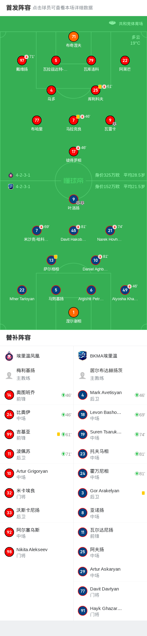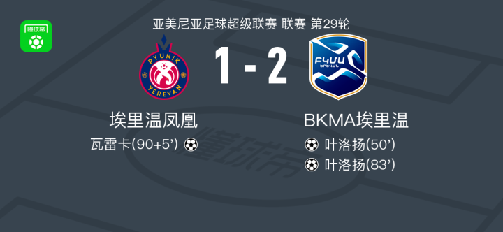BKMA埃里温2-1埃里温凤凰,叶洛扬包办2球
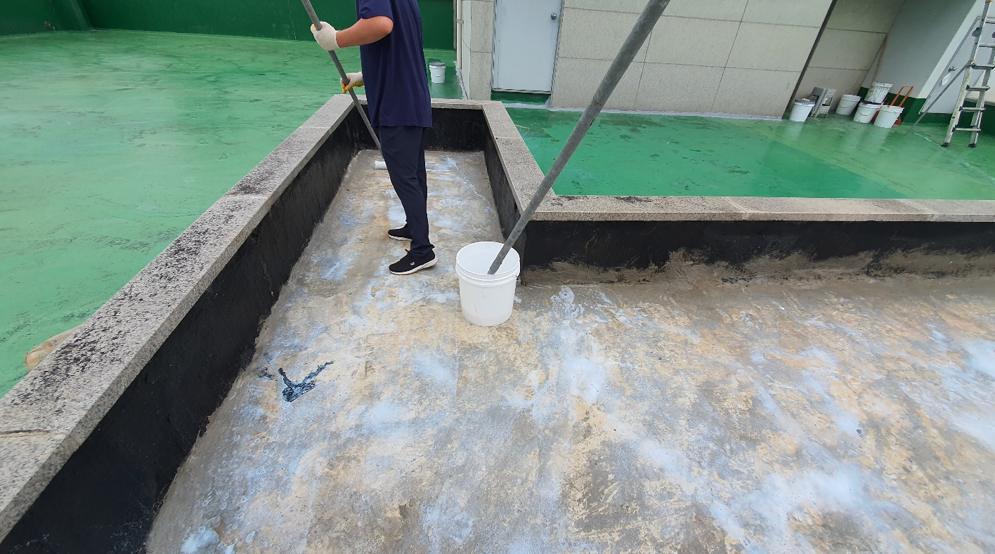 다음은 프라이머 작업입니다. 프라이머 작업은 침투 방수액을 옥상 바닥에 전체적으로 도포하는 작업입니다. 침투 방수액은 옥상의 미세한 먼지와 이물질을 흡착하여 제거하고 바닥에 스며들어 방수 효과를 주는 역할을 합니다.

==

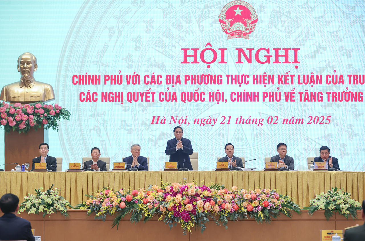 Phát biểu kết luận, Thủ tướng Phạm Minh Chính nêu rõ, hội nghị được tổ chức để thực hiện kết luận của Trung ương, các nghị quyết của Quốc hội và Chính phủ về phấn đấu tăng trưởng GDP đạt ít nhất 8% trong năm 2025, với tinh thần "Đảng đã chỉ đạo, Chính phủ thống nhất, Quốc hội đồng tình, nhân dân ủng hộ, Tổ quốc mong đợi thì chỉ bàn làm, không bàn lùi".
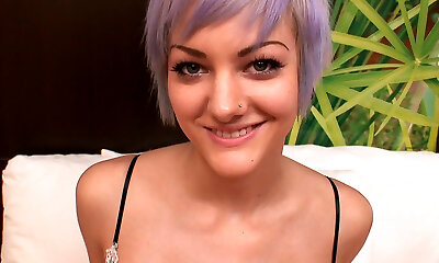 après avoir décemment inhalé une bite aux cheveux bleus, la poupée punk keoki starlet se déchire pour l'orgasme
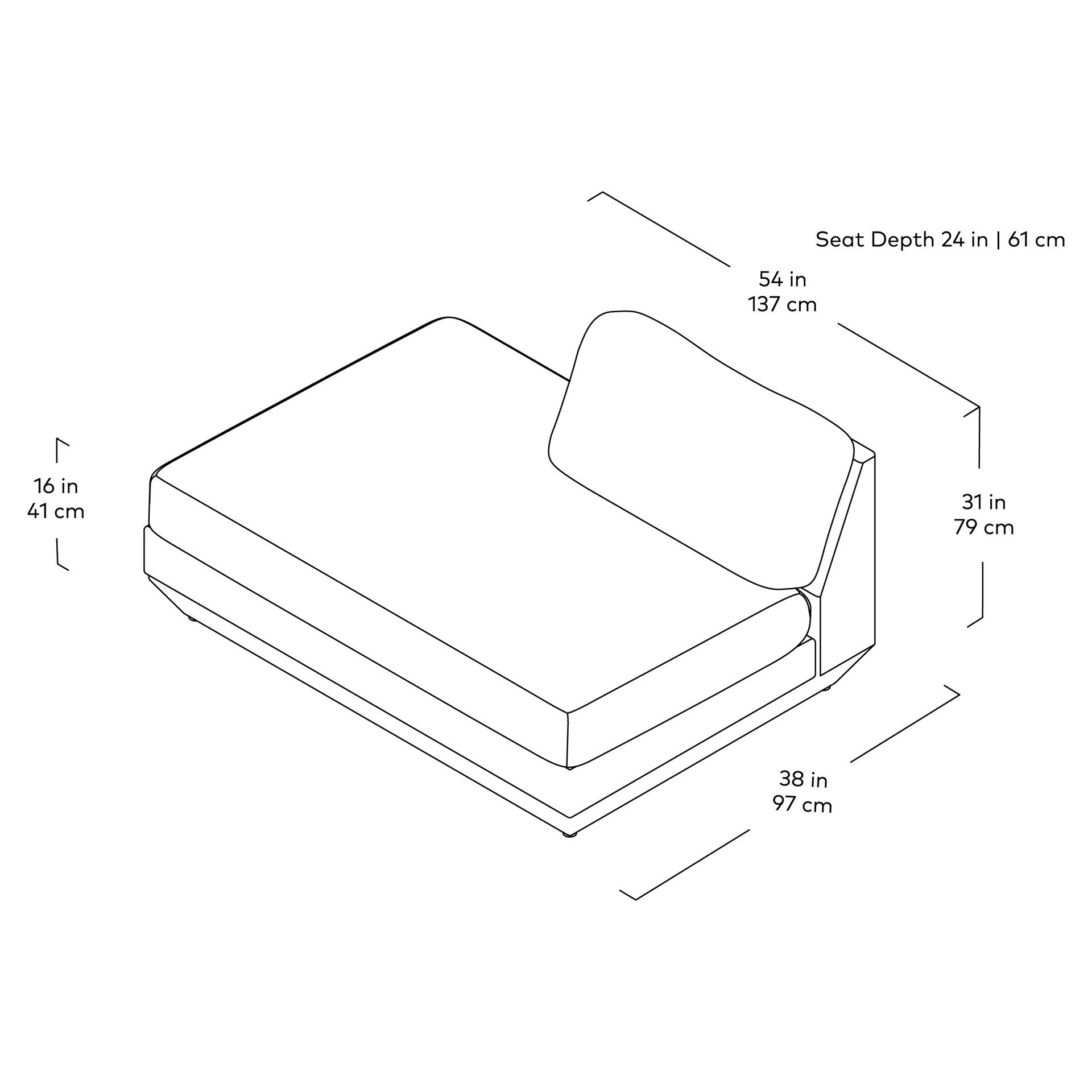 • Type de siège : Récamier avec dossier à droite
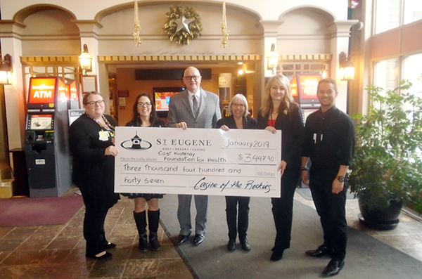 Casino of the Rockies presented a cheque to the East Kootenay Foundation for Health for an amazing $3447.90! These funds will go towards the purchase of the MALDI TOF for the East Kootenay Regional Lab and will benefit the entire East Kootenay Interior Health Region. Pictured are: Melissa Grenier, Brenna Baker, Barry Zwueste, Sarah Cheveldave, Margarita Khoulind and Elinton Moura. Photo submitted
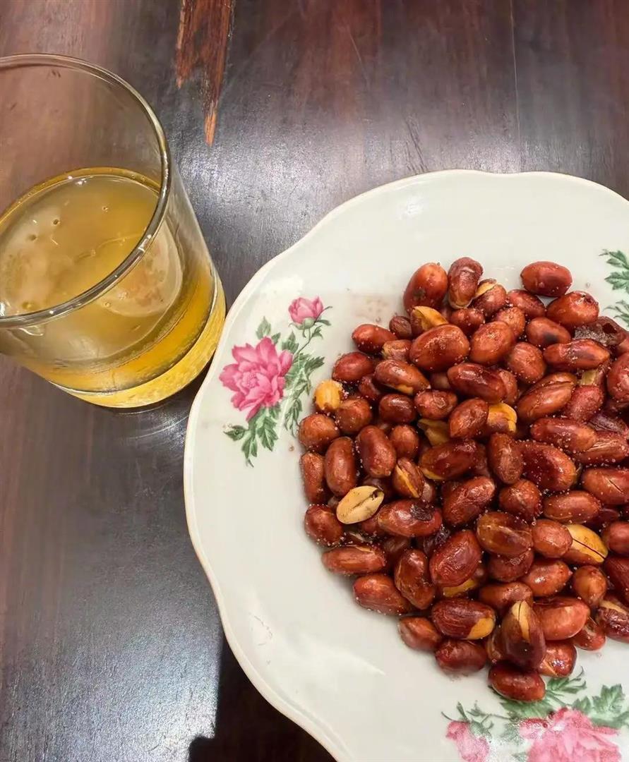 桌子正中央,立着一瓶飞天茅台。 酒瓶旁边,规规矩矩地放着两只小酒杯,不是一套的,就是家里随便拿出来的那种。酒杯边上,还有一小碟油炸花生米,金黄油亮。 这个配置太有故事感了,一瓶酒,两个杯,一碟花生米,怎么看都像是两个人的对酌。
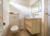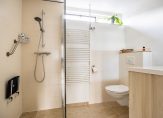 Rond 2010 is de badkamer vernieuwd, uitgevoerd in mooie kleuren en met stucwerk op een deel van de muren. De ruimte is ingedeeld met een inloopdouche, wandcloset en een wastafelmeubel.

...

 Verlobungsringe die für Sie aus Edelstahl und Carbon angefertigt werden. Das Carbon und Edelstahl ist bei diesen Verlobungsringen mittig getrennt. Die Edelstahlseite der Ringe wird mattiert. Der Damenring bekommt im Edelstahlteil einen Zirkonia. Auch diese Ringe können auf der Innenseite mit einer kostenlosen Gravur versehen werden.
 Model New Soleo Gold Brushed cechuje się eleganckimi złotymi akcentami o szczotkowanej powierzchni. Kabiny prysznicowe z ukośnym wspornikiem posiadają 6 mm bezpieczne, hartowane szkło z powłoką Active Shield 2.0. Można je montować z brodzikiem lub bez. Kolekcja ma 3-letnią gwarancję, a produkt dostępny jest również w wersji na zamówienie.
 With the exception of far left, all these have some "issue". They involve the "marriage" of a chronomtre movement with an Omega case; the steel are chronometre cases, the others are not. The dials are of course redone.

### Task requirements
What to print is the stretch of entries from the line with "BKMA埃里温2-1埃里温凤凰,叶洛扬包办2球" up to and including the line with "다음은 프라이머 작업입니다.". Please print it exactly and leave out the pictures.

### Worked solution
BKMA埃里温2-1埃里温凤凰,叶洛扬包办2球
 다음은 프라이머 작업입니다. 프라이머 작업은 침투 방수액을 옥상 바닥에 전체적으로 도포하는 작업입니다. 침투 방수액은 옥상의 미세한 먼지와 이물질을 흡착하여 제거하고 바닥에 스며들어 방수 효과를 주는 역할을 합니다.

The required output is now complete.